» Task directions
Please retype the records below exactly, leaving out any pictures.

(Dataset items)
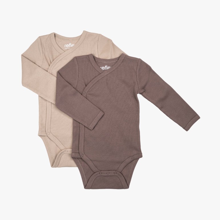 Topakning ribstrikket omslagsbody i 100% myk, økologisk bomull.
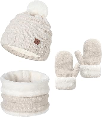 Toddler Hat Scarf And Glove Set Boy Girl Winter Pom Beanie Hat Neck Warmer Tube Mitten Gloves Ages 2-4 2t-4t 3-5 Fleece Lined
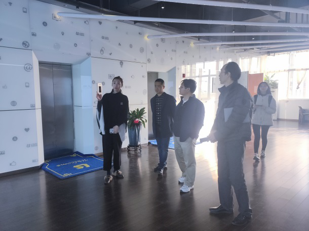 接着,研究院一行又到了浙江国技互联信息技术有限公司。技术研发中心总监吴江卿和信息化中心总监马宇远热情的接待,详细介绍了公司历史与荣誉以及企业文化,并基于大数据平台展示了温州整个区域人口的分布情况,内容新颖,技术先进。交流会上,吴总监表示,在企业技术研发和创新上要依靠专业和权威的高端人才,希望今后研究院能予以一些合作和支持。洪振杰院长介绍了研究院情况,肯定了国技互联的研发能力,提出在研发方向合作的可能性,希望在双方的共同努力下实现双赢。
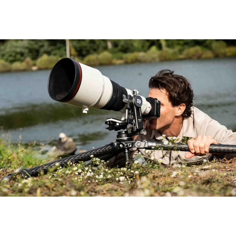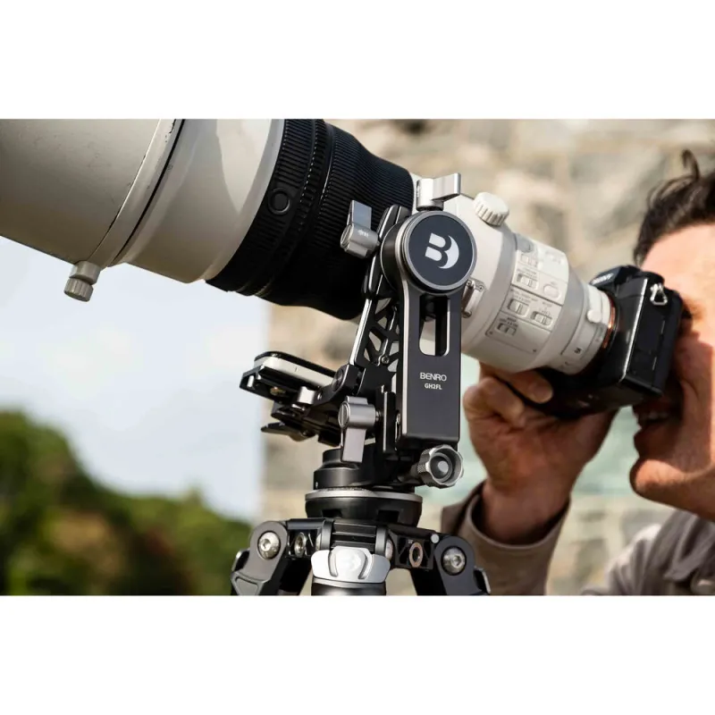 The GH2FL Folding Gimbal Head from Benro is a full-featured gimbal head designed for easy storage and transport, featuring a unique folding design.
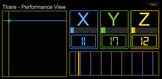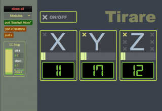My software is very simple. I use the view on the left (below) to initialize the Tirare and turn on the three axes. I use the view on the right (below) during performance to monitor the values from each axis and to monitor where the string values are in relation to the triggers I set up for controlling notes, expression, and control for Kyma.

» Answer to this problem
 Topakning ribstrikket omslagsbody i 100% myk, økologisk bomull.
 Toddler Hat Scarf And Glove Set Boy Girl Winter Pom Beanie Hat Neck Warmer Tube Mitten Gloves Ages 2-4 2t-4t 3-5 Fleece Lined
 接着,研究院一行又到了浙江国技互联信息技术有限公司。技术研发中心总监吴江卿和信息化中心总监马宇远热情的接待,详细介绍了公司历史与荣誉以及企业文化,并基于大数据平台展示了温州整个区域人口的分布情况,内容新颖,技术先进。交流会上,吴总监表示,在企业技术研发和创新上要依靠专业和权威的高端人才,希望今后研究院能予以一些合作和支持。洪振杰院长介绍了研究院情况,肯定了国技互联的研发能力,提出在研发方向合作的可能性,希望在双方的共同努力下实现双赢。
 The GH2FL Folding Gimbal Head from Benro is a full-featured gimbal head designed for easy storage and transport, featuring a unique folding design.
My software is very simple. I use the view on the left (below) to initialize the Tirare and turn on the three axes. I use the view on the right (below) during performance to monitor the values from each axis and to monitor where the string values are in relation to the triggers I set up for controlling notes, expression, and control for Kyma.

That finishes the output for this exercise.